*WHAT YOU WILL DO*
Repeat the entries exactly, keeping every line as it is.

Extracted records
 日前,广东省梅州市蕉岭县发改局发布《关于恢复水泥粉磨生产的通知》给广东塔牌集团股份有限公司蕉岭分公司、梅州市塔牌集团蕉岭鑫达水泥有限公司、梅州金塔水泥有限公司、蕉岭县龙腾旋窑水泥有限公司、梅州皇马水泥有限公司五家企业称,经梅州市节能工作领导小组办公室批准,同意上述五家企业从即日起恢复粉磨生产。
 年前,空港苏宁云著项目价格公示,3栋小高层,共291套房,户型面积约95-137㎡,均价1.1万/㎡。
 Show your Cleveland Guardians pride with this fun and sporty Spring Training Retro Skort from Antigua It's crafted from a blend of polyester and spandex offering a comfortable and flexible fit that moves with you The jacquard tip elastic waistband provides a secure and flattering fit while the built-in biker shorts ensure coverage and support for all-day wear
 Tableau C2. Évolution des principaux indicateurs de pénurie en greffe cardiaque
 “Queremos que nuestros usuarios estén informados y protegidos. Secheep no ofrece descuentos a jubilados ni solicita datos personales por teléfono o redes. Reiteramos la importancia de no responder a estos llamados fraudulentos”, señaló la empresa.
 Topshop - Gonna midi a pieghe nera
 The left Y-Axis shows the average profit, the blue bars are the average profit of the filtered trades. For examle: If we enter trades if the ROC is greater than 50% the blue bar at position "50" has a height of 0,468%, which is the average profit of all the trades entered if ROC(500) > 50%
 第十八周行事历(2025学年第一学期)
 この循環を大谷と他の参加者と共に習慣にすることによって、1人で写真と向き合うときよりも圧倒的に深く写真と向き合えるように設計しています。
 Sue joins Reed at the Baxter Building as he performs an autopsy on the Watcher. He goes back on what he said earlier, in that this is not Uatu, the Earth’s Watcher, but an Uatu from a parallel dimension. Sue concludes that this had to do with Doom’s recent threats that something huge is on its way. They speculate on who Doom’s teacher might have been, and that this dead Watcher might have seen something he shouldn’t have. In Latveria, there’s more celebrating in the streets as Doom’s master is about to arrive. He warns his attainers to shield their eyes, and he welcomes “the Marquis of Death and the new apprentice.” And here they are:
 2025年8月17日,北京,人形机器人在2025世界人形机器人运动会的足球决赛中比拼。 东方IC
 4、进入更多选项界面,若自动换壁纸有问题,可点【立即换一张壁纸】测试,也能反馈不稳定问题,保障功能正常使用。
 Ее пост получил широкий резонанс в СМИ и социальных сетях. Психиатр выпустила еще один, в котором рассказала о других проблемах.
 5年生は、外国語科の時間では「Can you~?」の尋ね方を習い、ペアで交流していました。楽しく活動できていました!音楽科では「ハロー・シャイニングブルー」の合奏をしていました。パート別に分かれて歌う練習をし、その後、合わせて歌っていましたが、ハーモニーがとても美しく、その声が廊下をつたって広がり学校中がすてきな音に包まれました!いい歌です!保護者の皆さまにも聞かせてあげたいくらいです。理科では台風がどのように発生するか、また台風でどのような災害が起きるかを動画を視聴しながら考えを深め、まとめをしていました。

*ANSWER TO THE PROBLEM*
 日前,广东省梅州市蕉岭县发改局发布《关于恢复水泥粉磨生产的通知》给广东塔牌集团股份有限公司蕉岭分公司、梅州市塔牌集团蕉岭鑫达水泥有限公司、梅州金塔水泥有限公司、蕉岭县龙腾旋窑水泥有限公司、梅州皇马水泥有限公司五家企业称,经梅州市节能工作领导小组办公室批准,同意上述五家企业从即日起恢复粉磨生产。
 年前,空港苏宁云著项目价格公示,3栋小高层,共291套房,户型面积约95-137㎡,均价1.1万/㎡。
 Show your Cleveland Guardians pride with this fun and sporty Spring Training Retro Skort from Antigua It's crafted from a blend of polyester and spandex offering a comfortable and flexible fit that moves with you The jacquard tip elastic waistband provides a secure and flattering fit while the built-in biker shorts ensure coverage and support for all-day wear
 Tableau C2. Évolution des principaux indicateurs de pénurie en greffe cardiaque
 “Queremos que nuestros usuarios estén informados y protegidos. Secheep no ofrece descuentos a jubilados ni solicita datos personales por teléfono o redes. Reiteramos la importancia de no responder a estos llamados fraudulentos”, señaló la empresa.
 Topshop - Gonna midi a pieghe nera
 The left Y-Axis shows the average profit, the blue bars are the average profit of the filtered trades. For examle: If we enter trades if the ROC is greater than 50% the blue bar at position "50" has a height of 0,468%, which is the average profit of all the trades entered if ROC(500) > 50%
 第十八周行事历(2025学年第一学期)
 この循環を大谷と他の参加者と共に習慣にすることによって、1人で写真と向き合うときよりも圧倒的に深く写真と向き合えるように設計しています。
 Sue joins Reed at the Baxter Building as he performs an autopsy on the Watcher. He goes back on what he said earlier, in that this is not Uatu, the Earth’s Watcher, but an Uatu from a parallel dimension. Sue concludes that this had to do with Doom’s recent threats that something huge is on its way. They speculate on who Doom’s teacher might have been, and that this dead Watcher might have seen something he shouldn’t have. In Latveria, there’s more celebrating in the streets as Doom’s master is about to arrive. He warns his attainers to shield their eyes, and he welcomes “the Marquis of Death and the new apprentice.” And here they are:
 2025年8月17日,北京,人形机器人在2025世界人形机器人运动会的足球决赛中比拼。 东方IC
 4、进入更多选项界面,若自动换壁纸有问题,可点【立即换一张壁纸】测试,也能反馈不稳定问题,保障功能正常使用。
 Ее пост получил широкий резонанс в СМИ и социальных сетях. Психиатр выпустила еще один, в котором рассказала о других проблемах.
 5年生は、外国語科の時間では「Can you~?」の尋ね方を習い、ペアで交流していました。楽しく活動できていました!音楽科では「ハロー・シャイニングブルー」の合奏をしていました。パート別に分かれて歌う練習をし、その後、合わせて歌っていましたが、ハーモニーがとても美しく、その声が廊下をつたって広がり学校中がすてきな音に包まれました!いい歌です!保護者の皆さまにも聞かせてあげたいくらいです。理科では台風がどのように発生するか、また台風でどのような災害が起きるかを動画を視聴しながら考えを深め、まとめをしていました。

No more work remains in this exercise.